Congratulations! I watched tutorials and bought books galore and taught myself as well. No one in my family knits or crochets so this keyboard was my support system. I love all types of crochet for certain projects but in my opinion nothing beats a knitted sock so I am desperately trying to teach myself to knit socks. Lord grant me patience with those double pointed needles because if you grant me strength I will stab someone with them in frustration. LOL

When I was learning the knit and purl stitches, like you, my stitches were so uneven. I kept practicing by making tons of dishcloths. I found that this was a project where I could actually see my results without waiting a month. I'd add a new technique found in another pattern and do that pattern until I felt comfortable with the stitch. I've been teaching myself to knit for less than a year so you are not alone. The key is learning to recognize the stitches in your work such as the knit stitch and purl bump as I call it. This sure helps to go back if you think you've made an error.

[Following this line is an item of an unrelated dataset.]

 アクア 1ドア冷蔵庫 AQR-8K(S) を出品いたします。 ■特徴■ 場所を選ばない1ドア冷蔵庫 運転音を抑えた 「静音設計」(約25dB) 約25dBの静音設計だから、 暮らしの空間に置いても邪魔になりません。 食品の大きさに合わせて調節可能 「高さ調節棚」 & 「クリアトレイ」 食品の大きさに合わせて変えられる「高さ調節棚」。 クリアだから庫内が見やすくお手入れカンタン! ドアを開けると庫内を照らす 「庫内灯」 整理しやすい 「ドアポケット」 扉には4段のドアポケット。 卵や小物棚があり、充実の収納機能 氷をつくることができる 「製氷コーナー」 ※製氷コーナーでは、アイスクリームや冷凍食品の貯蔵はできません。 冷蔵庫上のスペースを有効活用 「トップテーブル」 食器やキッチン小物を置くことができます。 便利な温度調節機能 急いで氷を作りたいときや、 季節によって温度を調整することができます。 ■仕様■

As WIHH said, all patterns generally call for a "Cast On" to begin your project but some patterns call for a specific type of cast on because it's finished look is key to that particular pattern. New knitters tend to make very tight stitches since we're being so very careful to make each stitch perfectly. When you get to row two as you call it,(Casting on is not considered a row.) you will understand why the term "loosely" is used. That first row, which attaches to your cast on stitches, is always so hard because the stitches are too tight to get under them. Just loosen your grip when casting on. It looks messy but will be fine in the finished project. WIHH suggested using a larger needle, and for some this may work, but for me the problem came in with transferring those stitches back to the needle called for in the pattern. Until we get a lot of experience like most of these ladies we just have to practice, practice, practice.

BlueberryChick, I wish I knew how to convert these sock patterns from DPN to circulars. On the other hand I feel like I'm just avoiding taking the time and patience to get the hang of the DPN's and giving up. LOL


----------



## frazzlehead (Aug 23, 2005)

Ejagno, you can do socks on Circs easily ... I use DPNs, but circs work fine too.

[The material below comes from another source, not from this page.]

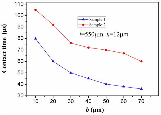 It is well known that the width (b) of the stationary electrode also has a great impact on the contact time. For the inertial micro-switch, minimizing the stiffness of the stationary electrode is a crucial way to prolong the contact time. One of the best ways to lessen the stiffness of the stationary electrode is to lessen its width (b). It can be seen from Figure 9 that the stiffness of the stationary electrode increases with the width (b). Figure 10 shows the contact time-width (b) curves of samples 1 and 2 under the applied acceleration 288 g. The contact time in samples 1 and 2 decreases with the increase of the width (b) of the stationary electrode. That is to say, the contact time decreases with the increase of the stiffness of the stationary electrode. It is evident that the contact time can be controlled by changing the width (b) of the stationary electrode. It can be seen from Figure 10 that the contact time in sample 2 is larger than the one in sample 1 since the stiffness of the stationary electrode in sample 2 is smaller.

One of the easiest ways is to use TWO circulars - two very short ones. If you think of how you'd put the stitches on DPNs, usually you have the top-of-foot stitches on two of the four needles, and the bottom-of-foot on the other two (then you knit with the fifth). (You may not do exactly this but I suspect you get the gist of the idea).

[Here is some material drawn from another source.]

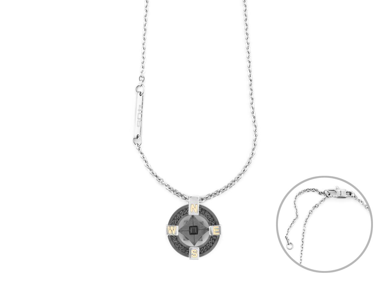 Girocollo della collezione ‘Winter’ di Cesare Paciotti realizzato in acciaio. Arricchito da pendente a forma di bussola con trattamento pvd oro nero e oro giallo 18 karati. Chiusura a moschettone e misura regolabile grazie ad anellini terminali
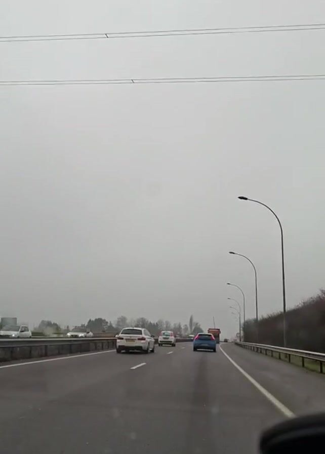 car driving down a highway on a cloudy day. There are several other cars on the road, including a white car, a silver car, and a blue car. The highway has two lanes, and there are streetlights along the side of the road. There are also signs indicating a speed limit of 70. The video is taken from the perspective of the driver of the car.

All you do is put the top-of-foot stitches on one circ, with the ends dangling, and the bottom-of-foot stitches on the other circ, with the ends dangling. Instead of kitting with a fifth needle, you knit the bottom-of-foot stitches with the bottom-of-foot needle (you take the dangly end and pull it through till the stitches are ready to be knit, and you knit across). Then you leave that circ dangly like it was, flip the sock around, and knit the top-of-foot stitches with the other circ the same way. Stitches never transfer from one needle to the other. 

Sorry to hijack the thread, just had to put that in there!

New Knitters: keep practicing! and if you have troubles, take a picture of what you were doing, post it, and we can help you figure it out!


----------



## Kasota (Nov 25, 2013)

I keep having troubles with my cast on row. It doesnt' seem too tight or too loose...but by the time I get to knitting that last stitch that cast-on is waaay too loose. Once I get past that first row I'm fine and the consistency in the size of the stitches is fairly good (though not as good as it will be with more practice) but I hate the way the edge looks. And I rip it out and try again. Not quite sure what I am doing wrong. 

I'll have to try again and post a picture. I ripped out what I did last night. lol!


----------



## sweet_mae (May 11, 2002)

Welcome I go to u-tube a lot but the book I have that really helped me get started is Teach Yourself Visually


----------



## frazzlehead (Aug 23, 2005)

Kasota that sounds like a backwards loop cast on ... It'll do that. Try a knitted or cable cast on instead, I prefer the cable cast on personally but see if those work better. Just be sure not to tug the loops tight when you make em, they need to be loose enough that you can get the needle through to knit 'em.


----------



## Kasota (Nov 25, 2013)

Oh, I will for sure try that cable cast on. I found a vid on it and I like the edge MUCH better than what I was doing - which just flat looked sloppy. I cannot abide sloppy. It looks so unprofessional. Thank you for that tip! I now have HOPE!!!


----------



## frazzlehead (Aug 23, 2005)

That's why I like the cable cast on, it makes such a pretty, neat edge! And it looks a whole lot like the usual cast off, too, so your 'ends' match.


----------



## bryncalyn (Jan 7, 2013)

My last stitch / first stitch of the rows always seem to be sloppy. I know I am not doing *something* right ... but what?? 



Kasota said:


> I keep having troubles with my cast on row. It doesnt' seem too tight or too loose...but by the time I get to knitting that last stitch that cast-on is waaay too loose. Once I get past that first row I'm fine and the consistency in the size of the stitches is fairly good (though not as good as it will be with more practice) but I hate the way the edge looks. And I rip it out and try again. Not quite sure what I am doing wrong.
> 
> I'll have to try again and post a picture. I ripped out what I did last night. lol!


----------



## frazzlehead (Aug 23, 2005)

If you want really smooth 'edges' to your knitting, slip the first stitch of every row.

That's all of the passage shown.